Road Trip Steering Action - 2013 Infiniti JX35 Long-Term Road Test

2013 Infiniti JX35 Long-Term Road Test

2013 Infiniti JX35: Road Trip Steering Action

May 7, 2013

2013 Infiniti JX35

Road trips often involve long stretches of freeway driving. The boring ones do, anyway. Besides, you wouldn't choose the Infiniti JX35 for one of those road trips that involved fun roads. It just isn't a performance-oriented kind of carryall/wagon/crossover thing. But I digress.

On said long freeway stretches you get a really good idea of a car's straight-line stability. The JX35 itself feels well-planted here, but its steering requires constant corrections around center to maintain a straight heading. It's not Honda Insight-bad levels of steering corrections, but it is noticeable.

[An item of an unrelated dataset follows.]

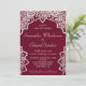 Elegant Burgundy Wedding Invitation with an intricate faux silver glittery Mandala flower design representing the blossoming of Purity within our Soul. This beautiful colour encourages feelings of warmth and comfort. Perfect for a lovely Autumn ceremony. You can change the text from the Personalize Menu. Different papers are available. If you would like matching products or need my help please contact me. Original Design by SunFreeStar.
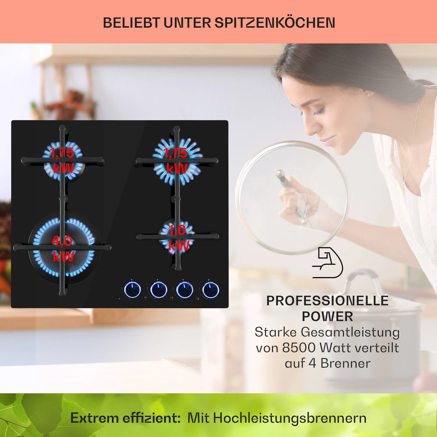 - Durchmesser Kochgeschirr Wokbrenner: ca. 24 – 26 cm (Ø)

So, electric power steering (EPS), then, right? Nope. I originally assumed the same, that this hysteresis was a byproduct of EPS, as it so often is. But it turns out the Infiniti JX35 has hydraulic-electric steering, meaning it has an electrically-driven hydraulic pump. Go figure.

Jason Kavanagh, Engineering Editor


  • seppoboy seppoboy Posts:

    Don't blame electric power steering. Many cars on the road have lousy steering accuracy and stability in a straight line, and have had for years. It's more a function of front wheel location and articulation, castor angle, suspension design, rigidity of the steering rack location. Ever drive a full size US car from the seventies or eighties, with hydraulic assist? What a joke they were in the steering department. I've been spoiled by owning and driving some cars with really tight, precise, communicative steering. Ninety percent of the cars on the market have sufficiently lax steering that I won't consider owning them. If they can't pass a look-away test on a narrow two lane (deliberately look away from the straight ahead, out the side window, the car should stay completely and confidently within the lane by feel alone), it will prove to be tiring to drive on longer hauls. Even some expensive and supposedly desirable vehicles quickly fail that test.

  • fordson1 fordson1 Posts:

    Very true. Lots of cars just need a lot of minding and have no sense of straight-ahead. I have another culprit - tires whose tread design is for one reason or another not playing nice with the type of road surface.